You are viewing a plain text version of this content. The canonical link for it is here.
Posted to commits@airflow.apache.org by "Art Fotinich (JIRA)" <ji...@apache.org> on 2018/09/01 00:14:00 UTC

[jira] [Updated] (AIRFLOW-2995) Controlling access via AD security group

     [ https://issues.apache.org/jira/browse/AIRFLOW-2995?page=com.atlassian.jira.plugin.system.issuetabpanels:all-tabpanel ]

Art Fotinich updated AIRFLOW-2995:
----------------------------------
    Description: 
Hi Folks,

I had the following task, which seemed to be quite logical: restrict user access to Airflow UI by using an AD security group with a select list of a few users (for a company that has 100's of people in its AD). It looks to me like regular airflow ldap configuration parameters do not provide this option.
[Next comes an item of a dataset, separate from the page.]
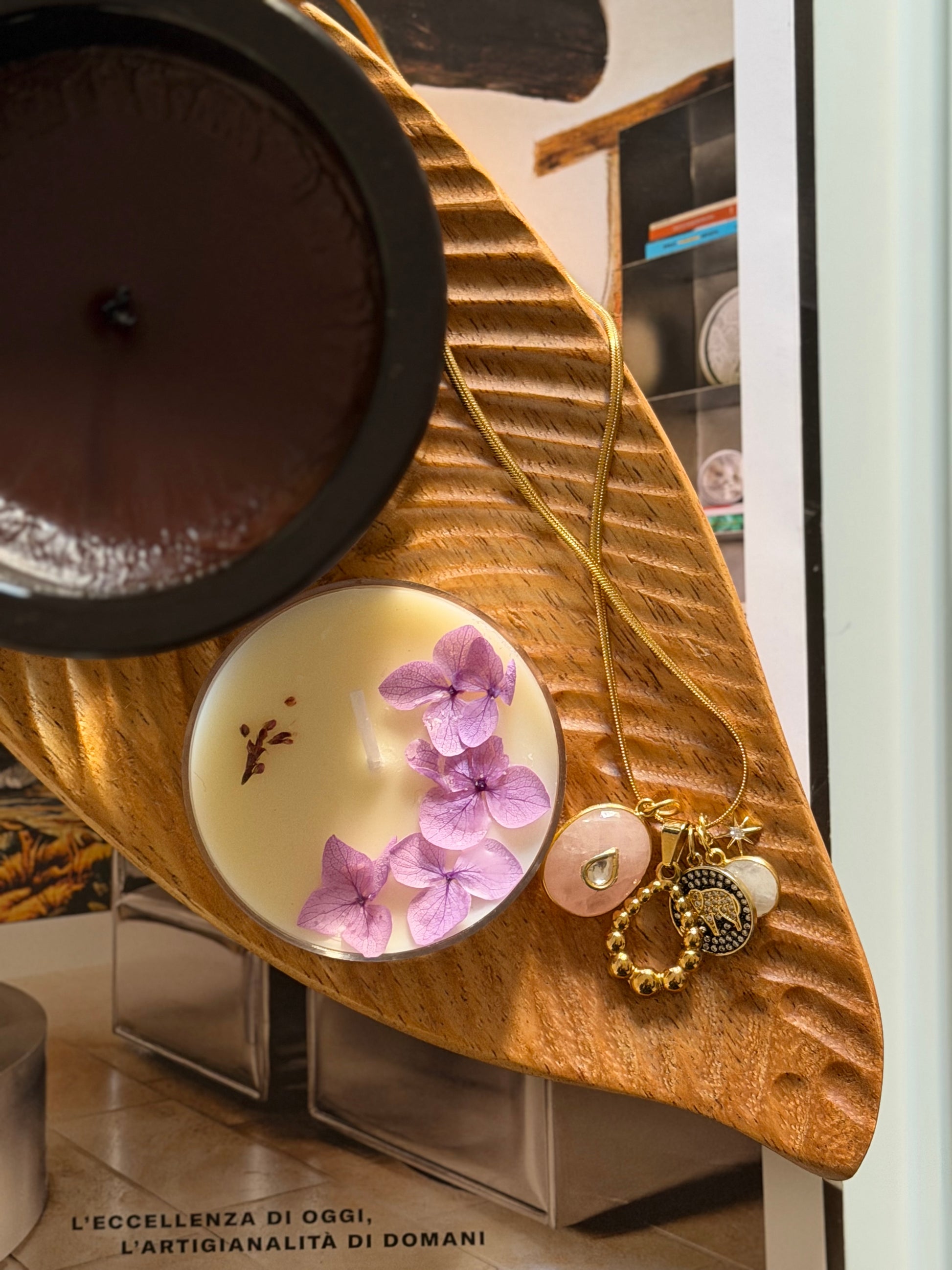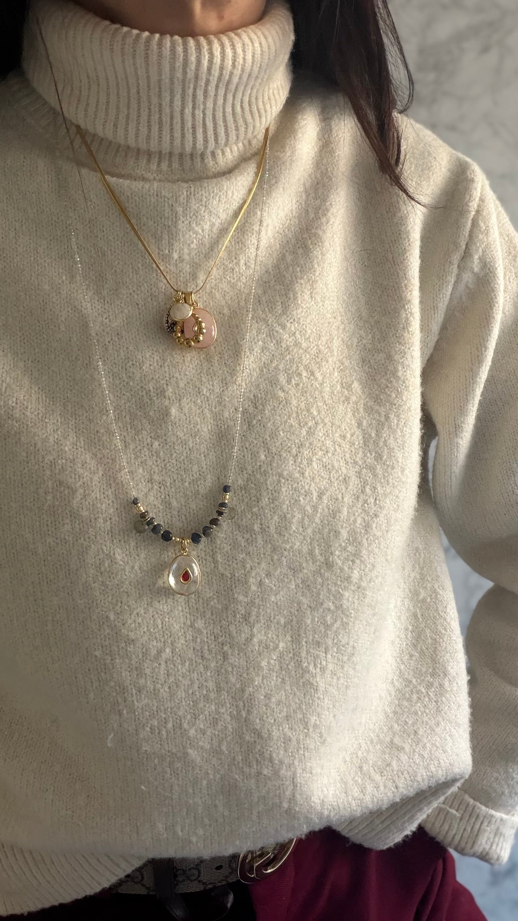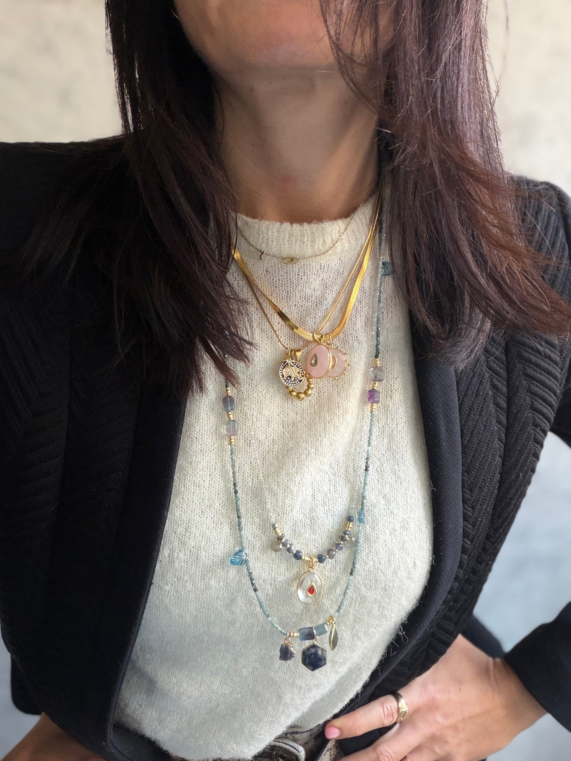 Catena in acciaio inossidabile pallacata oro con mix di ciondoli indiani, in quarzo rosa con castone centrale, occhio in pietra turchese, medaglia porta fortuna, lunghezza 40 cm.

The few examples available online showed usage of security groups for group_filter and superuser_filter, which do not fully restrict the Web UI access but only limit some features thereof. The most obvious parameter, user_filter, would have expected value as something simple like: *objectClass=user* and would error out on a properly configures ldap search query that included the security group...

After reviewing the *ldap_auth.py* it looks to me like the user authentication is controlled by these strings: "(&(\{0})(\{1}=\{2}))".format(user_filter, user_name_att, username). As a result, the security group may be included into the authentication process by formatting the user_filter parameter as follows: 

*objectClass=user)(memberOf=cn=airflow-users,ou=Security Groups,dc=company_division,dc=company_name,dc=domain*

_Note the missing parentheses around the string_. This string would allow restricting Airflow access to the members of the security group, which was the goal. This works for us but looks like a hack to me.

It looks like Airflow would benefit from restructuring the ldap queries in ldap_auth.py to include a couple of new parameters (named like *object_class_filter* and *security_group_filter*) instead of just one, user_filter. This would make ldap authentication process clearer and more self explanatory. 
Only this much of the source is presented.